For the panel on the DC output side the phasing on the input side does not really matter. And you can tie all of the buses together on the AC panel used for DC since you will never be trying to share neutrals.
No such thing as an MWBC for DC unless you have both positive and negative polarity outputs from the DC supply.
And in that case you would want to use a single phase three wire panel, not a three phase panel.
 

adamscb

Senior Member
Location
USA
Occupation
EE
For the panel on the DC output side the phasing on the input side does not really matter. And you can tie all of the buses together on the AC panel used for DC since you will never be trying to share neutrals.
No such thing as an MWBC for DC unless you have both positive and negative polarity outputs from the DC supply.
And in that case you would want to use a single phase three wire panel, not a three phase panel.

Sorry I didn't specify, what I meant by 28/56VDC is one +28VDC supply and one -28VDC supply. Could you not come off of this dual voltage power supply and feed one leg in the DC panel with +28, the other with -28? That way you could use all of the breaker spots in the panel.
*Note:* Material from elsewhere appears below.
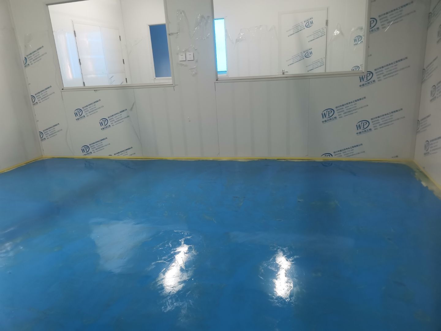1.頂板安裝完成100%; 2.三防板吊頂完成100%; 3.水電安裝完成100%,燈具安裝完成100%; 4.新增動力電完成100%; 5.衛生間隔墻完成100%; 6.腳踏池完成100%; 7.風淋室制作完成100%; 8.地坪膩子層完成100%; 9.板縫及地面縫隙處理完成70%; 10.場地清理。

From the way I understood the OP, the existing DC panel is suitable for this application. And I'm slightly confused - from the OP he mentions a 125/250VDC panel being used, but not an AC panel that is being used for DC, or am I just extremely confused here?
 

GoldDigger

Moderator
Staff member
Location
Placerville, CA, USA
Occupation
Retired PV System Designer
Sorry I didn't specify, what I meant by 28/56VDC is one +28VDC supply and one -28VDC supply. Could you not come off of this dual voltage power supply and feed one leg in the DC panel with +28, the other with -28? That way you could use all of the breaker spots in the panel. From the way I understood the OP, the existing DC panel is suitable for this application. And I'm slightly confused - from the OP he mentions a 125/250VDC panel being used, but not an AC panel that is being used for DC, or am I just extremely confused here?
Yes. But so am I. :)
I am pretty sure that the OP is talking about repurposing an AC panel to handle the DC output(s) with breakers for several circuits coming from a larger common supply.
 

Jraef

Moderator, OTD
Staff member
Location
San Francisco Bay Area, CA, USA
Occupation
Electrical Engineer
Quit thinking of the panel as anything other than a convenient way of getting bus bar and breakers that plug into it. If it is a grounded DC system, connect [+] to both sets of bus and you can use them all, then connect the [-] circuits to the neutral bar (again, forget the term "neutral" as it would relate to AC, it's just the term for the bar itself). If it were NOT a grounded [-] DC system, then you would use 2 pole breakers and put [+] on one bus, [-] on the other one.

Also, sometimes people use 2 pole stand alone breakers on DC systems when the DC voltage is higher than the single pole DC rating of the breakers. So for example if you had breakers rated at 30VDC and you have a 48VDC system, you can often get 48VDC by wiring 2 poles in series with each other, because the arc clearing distance required for DC is higher, but is cumulative between contacts so more contacts in series results in being able to switch higher DC voltages. But that would not work on a panelboard system, it only works on stand-alone breakers. I'm just bringing this up to explain a possible reason behind why you have seen some DC systems use 2 pole breakers when it is grounded [-].
 

elec_eng

Senior Member
Quit thinking of the panel as anything other than a convenient way of getting bus bar and breakers that plug into it. If it is a grounded DC system, connect [+] to both sets of bus and you can use them all, then connect the [-] circuits to the neutral bar (again, forget the term "neutral" as it would relate to AC, it's just the term for the bar itself). If it were NOT a grounded [-] DC system, then you would use 2 pole breakers and put [+] on one bus, [-] on the other one.[/I]

Just curious, what would be the reasons to choose between "Grounded DC system" vs "Non-Grounded DC system"? Pro's and Con's?